Pair Trading with Dodge International and Sterling Capital

The main advantage of trading using opposite Dodge International and Sterling Capital positions is that it hedges away some unsystematic risk. Because of two separate transactions, even if Dodge International position performs unexpectedly, Sterling Capital can make up some of the losses. Pair trading also minimizes risk from directional movements in the market. For example, if an entire industry or sector drops because of unexpected headlines, the short position in Sterling Capital will offset losses from the drop in Sterling Capital's long position.

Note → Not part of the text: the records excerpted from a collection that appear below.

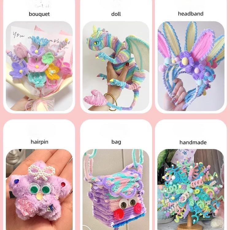 Les tiges en chenille rapprochent non seulement les familles, mais elles peuvent également ouvrir les cœurs et créer des travaux manuels uniques. Les cure-pipes sont de couleurs vives, riches en variété et en quantité suffisante pour répondre à vos besoins quotidiens de bricolage Description du produit : 1., Les cure-pipes colorés pour le bricolage sont parfaits pour le bricolage avec les enfants. Concevoir des bouquets avec des cure-pipes peut stimuler votre créativité et votre imagination. 【Différentes couleurs】: nous avons sélectionné des combinaisons de couleurs populaires et vives. 【Conception de cure-pipe】: Les cure-pipes colorés pour l'artisanat sont parfaits pour les travaux manuels avec les enfants. Tournez et pliez ce nettoyeur de pipe épais pour plier le fil de bricolage en peluche à volonté et ainsi créer des ornements, des animaux, des fleurs et plus encore pour le plaisir de bricoler. Les cure-pipes peuvent être tordus dans n'importe quelle forme que vous aimez pour créer des personnages mignons, des animaux, des fruits, des plantes, etc. et sont largement utilisés dans les cours de bricolage à la maternelle et améliorent et développent l'intelligence et la capacité pratique des enfants Tournez et pliez ce nettoyeur de pipe épais pour plier le fil de bricolage en peluche à volonté et ainsi créer des ornements, des animaux, des fleurs et plus encore pour le plaisir de bricoler., 2., Vous pouvez combiner librement les couleurs et l'unicité. Lot de 3 pelotes de fil chenille de 100 g (3 x 80 ) pour tricot et Accessoires Créatifs Multicolores Lot De 200 Cure-pipes Pour Travaux Manuels, Tiges En Chenille Cure-pipes Souples Pliables Il aide également à développer la reconnaissance des formes, la reconnaissance des bâtiments et d'autres compétences importantes et améliore la pensée logique. Créez des créations florales artistiques à partir de cure-pipes pour donner un peu de vie à votre vie. 【Matériau de haute qualité】: Les cure-pipes sont fabriqués en fil de fer incurvé et en fibre de polyester, qui sont haute définition, transparents, résistants à la déchirure et sans odeur. Les cure-pipes sont fabriqués en fil de fer et en polyester, durables, moelleux, doux et confortables. 【Amusement et créativité】: les cure-pipes en soie chenille sont la touche finale pour les travaux de bricolage et les couleurs vives éveillent le désir de créativité des gens.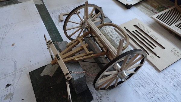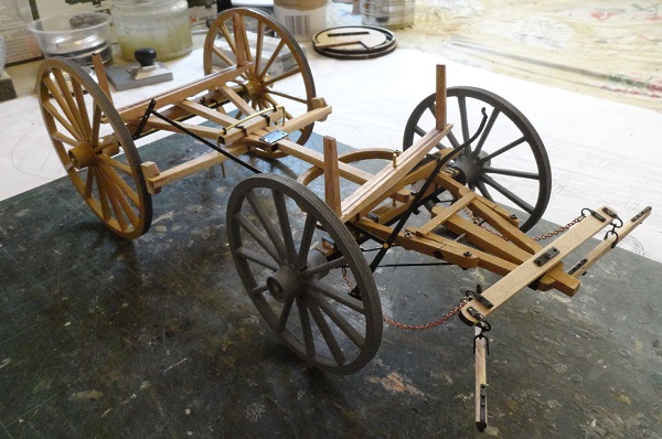 the reach pole with the king pin test fitted together with all the main components of the wagon chassis.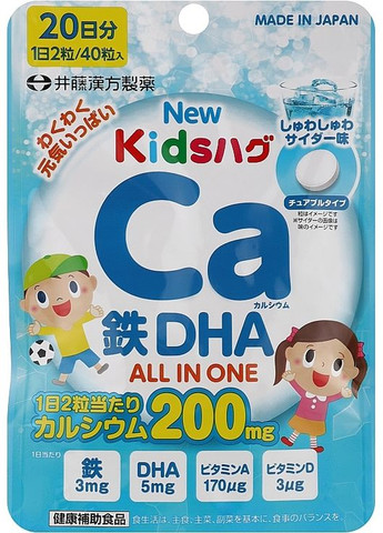 Жувальні вітаміни зі смаком шипучого сидору. Все необхідне для здорового розвитку вашої дитини в одному продукті! Цей продукт забезпечує дитячий організм важливими поживними речовинами, необхідними для росту та розвитку. Основні компоненти (у добовій дозі): - Кальцій: 200 мг - Залізо: 3 мг - DHA: 5 мг - Вітамін A: 170 мкг - Вітамін D: 3 мкг Переваги продукту: - Сприяє здоровому росту кісток та зубів: Завдяки кальцію забезпечується належний розвиток кісткової системи у дітей. - Підтримує нормальний рівень гемоглобіну: Залізо допомагає запобігти анемії та сприяє транспортуванню кисню у крові. - Стимулює розвиток мозку та нервової системи: DHA підтримує когнітивний розвиток, пам’ять та концентрацію. - Покращує імунітет: Вітаміни A та D сприяють зміцненню імунної системи та захищають від інфекцій. - Підтримує здоровий обмін речовин: Забезпечує баланс поживних речовин, необхідних для активного способу життя дитини. - Приємний смак: Таблетки мають приємний смак содової, легкий ефект “шипіння” та жувальну текстуру, що робить їх улюбленими серед дітей.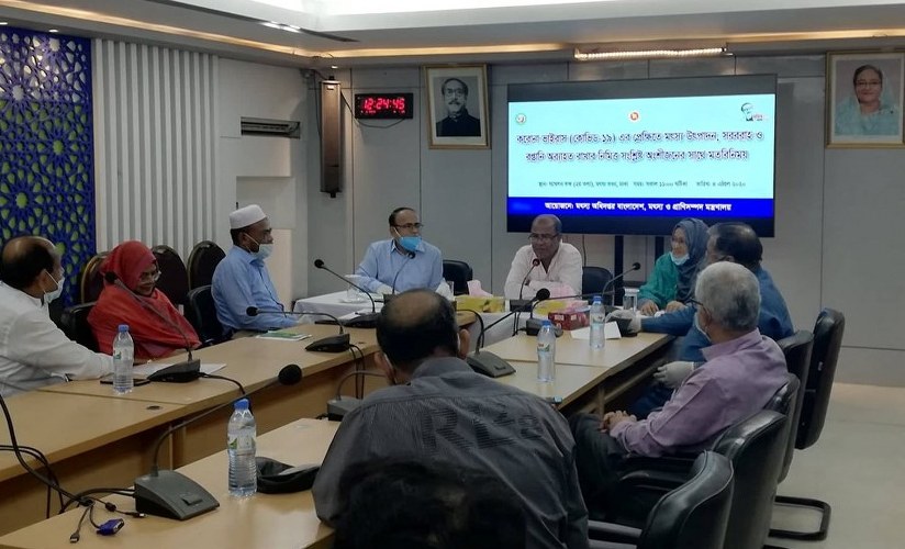 মৎস্য ও প্রাণিসম্পদ মন্ত্রী শ. ম. রেজাউল করিম এমপি’র নির্দেশনায় শনিবার (০৪ এপ্রিল) রাজধানীর মৎস ভবনে মৎস্য অধিদপ্তরের সম্মেলন কক্ষে করোনা সংকটকালীন মৎস্য উৎপাদন, সরবরাহ, বিপণন ও রপ্তানি অব্যাহত রাখার বিষয়ে মৎস্য ও প্রাণিসম্পদ মন্ত্রণালয় ও মৎস্য অধিদপ্তরের ঊর্ধ্বতন কর্মকর্তাদের সাথে মৎস্য খাতের অংশীজনদের মতবিনিময় সভায় এ সকল আহ্বান জানানো হয়।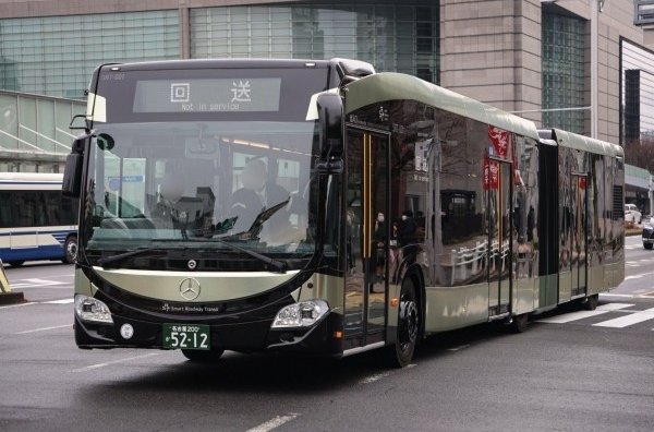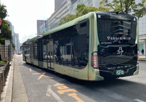Слід сказати, що зчленовані автобуси є рідкістю для японського ринку. Звичайно, даний Citaro оснащений правим кермом. Довжина автобуса становить 18 125 мм, а ширина 2550 мм, що на 50 мм більше за японські стандарти. Невипадково ці параметри позначені на задній стінці. Автобус розрахований на повну масу 24240 кг. Очевидно, на машині застосована дизельна силова установка.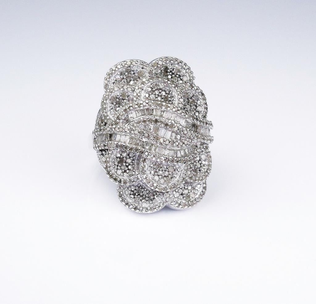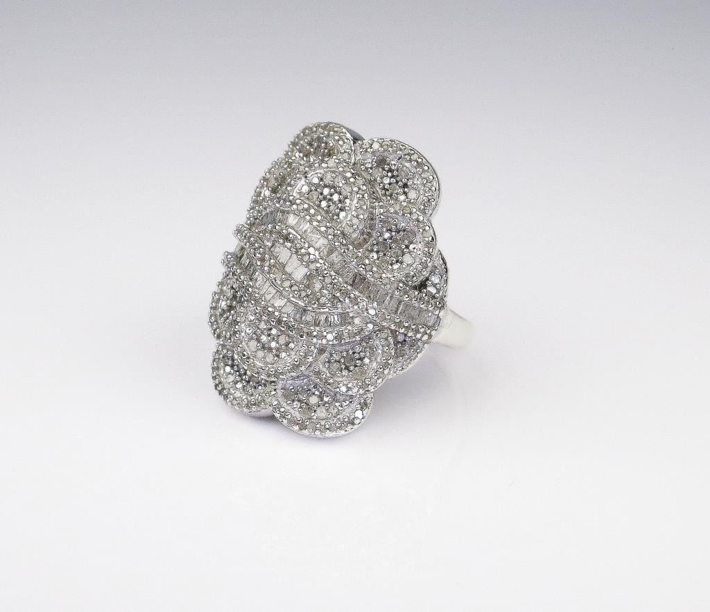 and baguette cut diamonds weighing approx. 2.50-3.00 carats of H-I-J colors in a Sterling silver design setting. Estimates $400-$600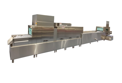 选择洗碗机一般要根据产能来配置,是揭盖式洗碗机或者小长龙洗碗机,餐饮一般都是小长龙洗碗机,根据每餐清洗餐具的数量来选配清洗段和烘干段。
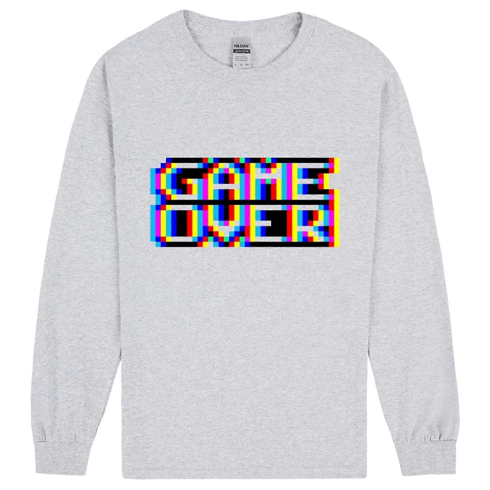 Game Over Gaming Funny Gamer Retro Mens Sports Grey Long Sleeve T Shirt Tee Top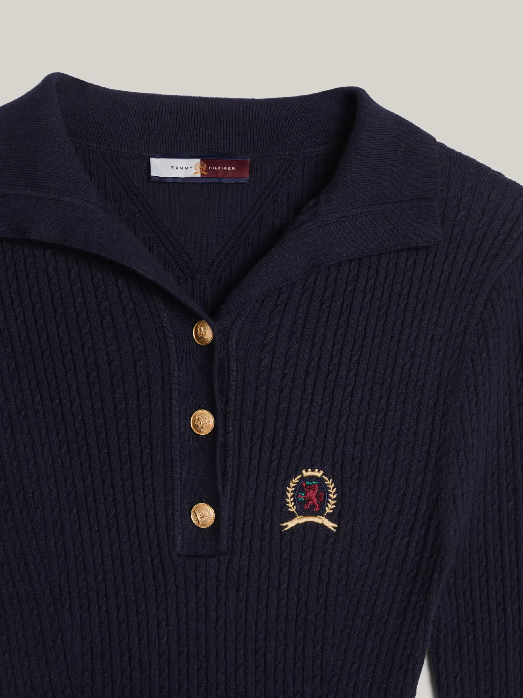 Mühelos elegant von früh bis spät: Kaschmir verleiht diesem Zopfstrick-Polokleid aus Baumwolle einen luxuriösen Touch.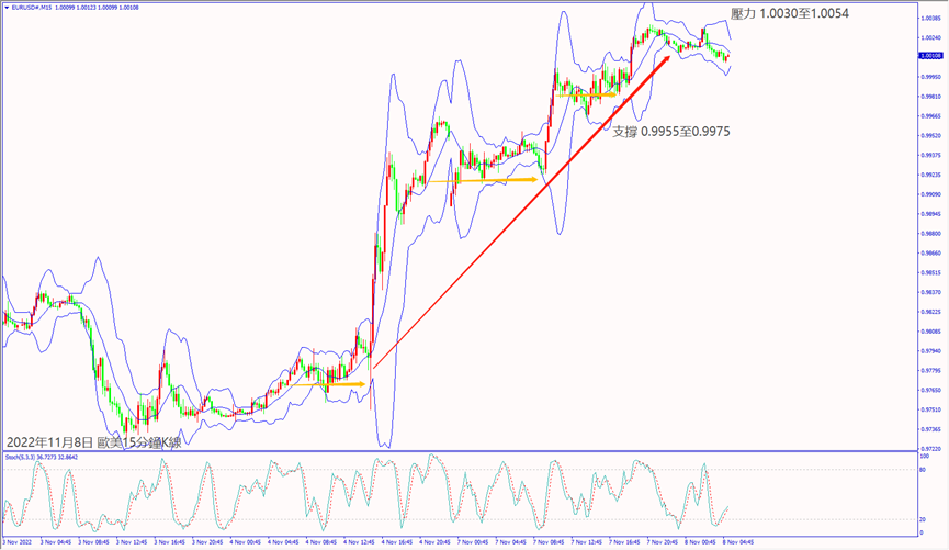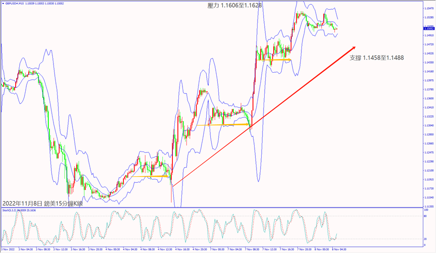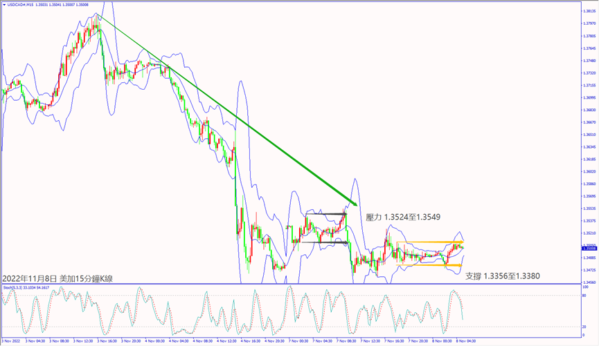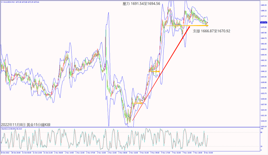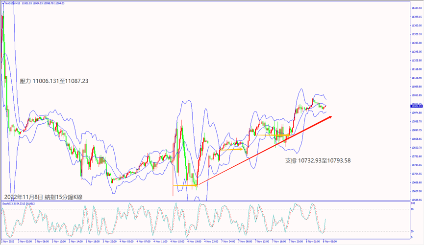 昨天(7日)市場預期參眾議院由共和黨獲得多數席次恐影響美聯儲加息,利好道瓊斯和納指擴大上漲逾2%。預期今天(8日)瑞士央行行長重申加息抑制通脹,德指若摜破小時布林帶下軌線13,496,建議可短空操作。預期今天市場對美國參眾議院選舉結果恐影響拜登經濟政策利淡股指,納指一旦跌破小時布林帶中軌10,962,建議可短空操作。

The idea behind Dodge International Stock and Sterling Capital Stratton pairs trading is to make the combined position market-neutral, meaning the overall market's direction will not affect its win or loss (or potential downside or upside). This can be achieved by designing a pairs trade with two highly correlated stocks or equities that operate in a similar space or sector, making it possible to obtain profits through simple and relatively low-risk investment.
Check out your portfolio center.
Note that this page's information should be used as a complementary analysis to find the right mix of equity instruments to add to your existing portfolios or create a brand new portfolio. You can also try the Odds Of Bankruptcy module to get analysis of equity chance of financial distress in the next 2 years.